------ Provided material ------

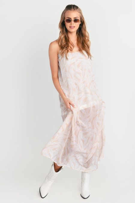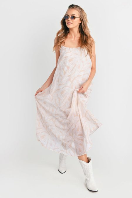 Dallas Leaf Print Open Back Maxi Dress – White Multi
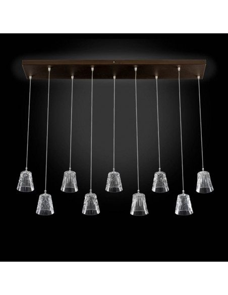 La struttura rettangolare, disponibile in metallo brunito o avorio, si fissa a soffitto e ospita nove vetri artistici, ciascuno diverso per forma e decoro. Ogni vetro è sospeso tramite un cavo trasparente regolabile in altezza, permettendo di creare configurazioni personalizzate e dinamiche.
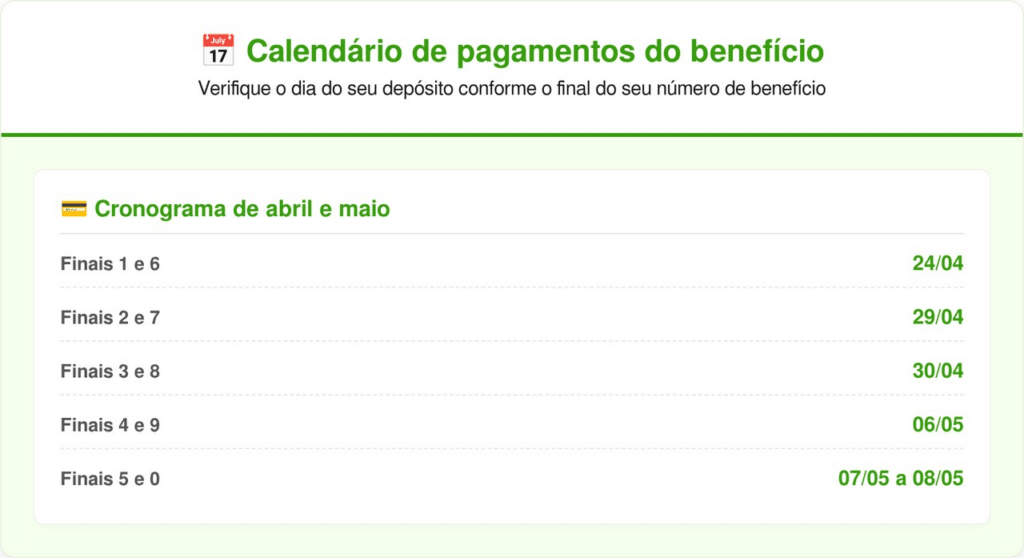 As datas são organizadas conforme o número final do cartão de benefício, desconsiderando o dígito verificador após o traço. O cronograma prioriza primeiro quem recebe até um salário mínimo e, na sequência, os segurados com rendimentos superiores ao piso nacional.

------

● Exercise objective: When copying the listing, print each line exactly but leave out every picture.

● Solution to the problem:
 Dallas Leaf Print Open Back Maxi Dress – White Multi
 La struttura rettangolare, disponibile in metallo brunito o avorio, si fissa a soffitto e ospita nove vetri artistici, ciascuno diverso per forma e decoro. Ogni vetro è sospeso tramite un cavo trasparente regolabile in altezza, permettendo di creare configurazioni personalizzate e dinamiche.
 As datas são organizadas conforme o número final do cartão de benefício, desconsiderando o dígito verificador após o traço. O cronograma prioriza primeiro quem recebe até um salário mínimo e, na sequência, os segurados com rendimentos superiores ao piso nacional.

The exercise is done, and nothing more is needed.